Source records ->

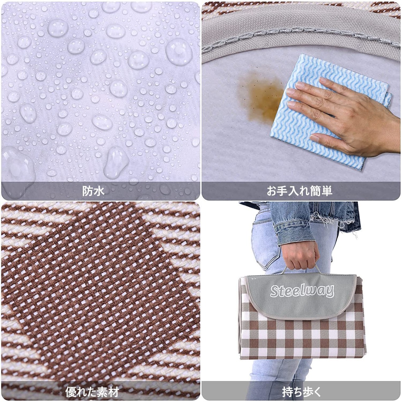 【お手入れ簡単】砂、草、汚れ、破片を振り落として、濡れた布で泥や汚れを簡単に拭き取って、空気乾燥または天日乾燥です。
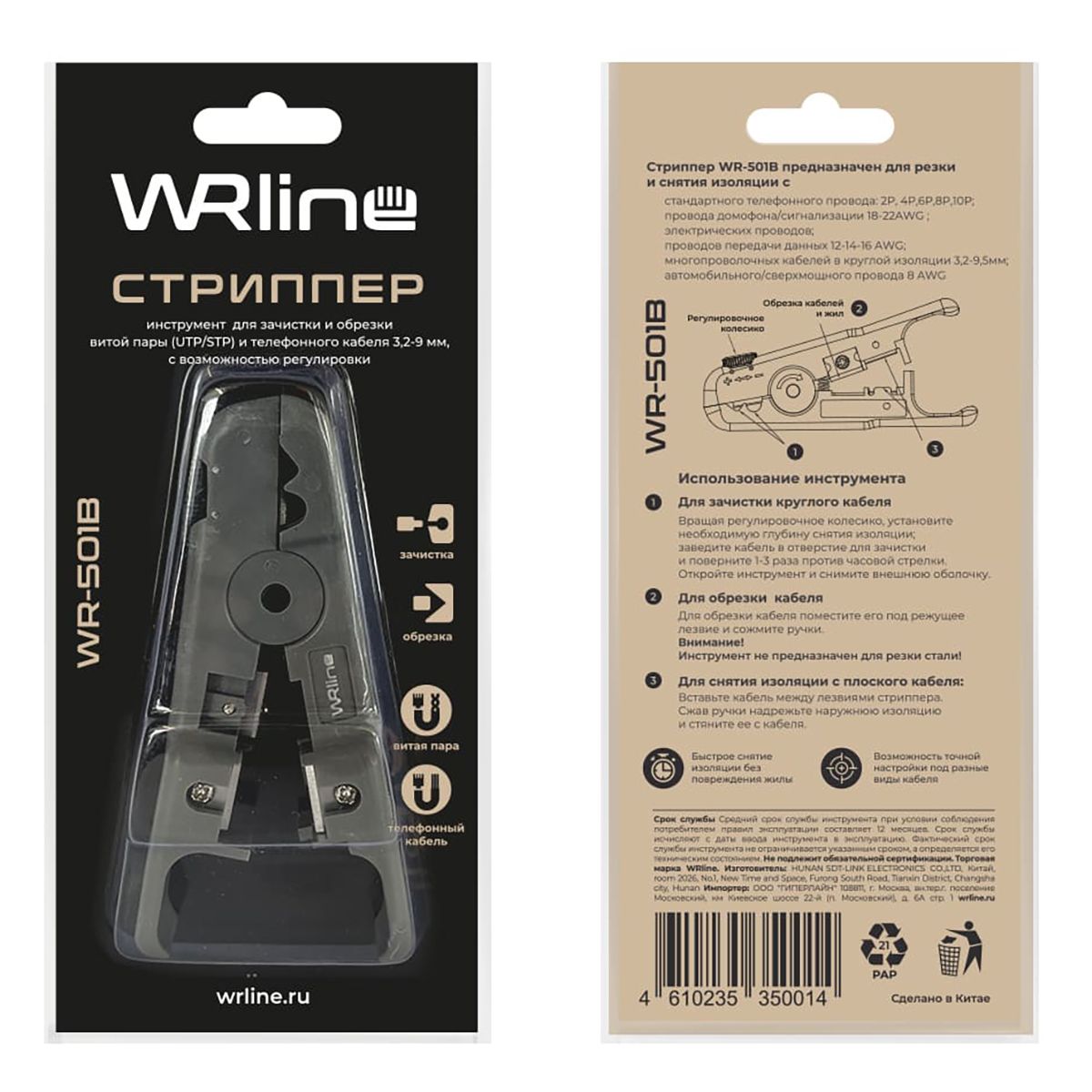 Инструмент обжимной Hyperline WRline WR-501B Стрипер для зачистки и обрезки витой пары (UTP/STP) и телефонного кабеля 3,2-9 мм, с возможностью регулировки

--

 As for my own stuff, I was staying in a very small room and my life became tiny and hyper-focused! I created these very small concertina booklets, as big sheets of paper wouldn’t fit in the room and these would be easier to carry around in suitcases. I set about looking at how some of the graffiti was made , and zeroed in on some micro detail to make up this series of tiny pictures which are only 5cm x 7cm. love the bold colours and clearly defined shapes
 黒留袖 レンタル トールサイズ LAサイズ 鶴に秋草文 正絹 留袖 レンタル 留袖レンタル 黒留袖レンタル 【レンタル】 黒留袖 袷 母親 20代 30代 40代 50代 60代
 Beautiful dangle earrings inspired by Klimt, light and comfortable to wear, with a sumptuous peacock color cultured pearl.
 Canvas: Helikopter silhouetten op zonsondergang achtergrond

Directions -> From the data above, output only the lines between the line containing "As for my own" and the line containing "Canvas: Helikopter silhouetten", inclusive, exactly as written.

Result of this exercise ->
 As for my own stuff, I was staying in a very small room and my life became tiny and hyper-focused! I created these very small concertina booklets, as big sheets of paper wouldn’t fit in the room and these would be easier to carry around in suitcases. I set about looking at how some of the graffiti was made , and zeroed in on some micro detail to make up this series of tiny pictures which are only 5cm x 7cm. love the bold colours and clearly defined shapes
 黒留袖 レンタル トールサイズ LAサイズ 鶴に秋草文 正絹 留袖 レンタル 留袖レンタル 黒留袖レンタル 【レンタル】 黒留袖 袷 母親 20代 30代 40代 50代 60代
 Beautiful dangle earrings inspired by Klimt, light and comfortable to wear, with a sumptuous peacock color cultured pearl.
 Canvas: Helikopter silhouetten op zonsondergang achtergrond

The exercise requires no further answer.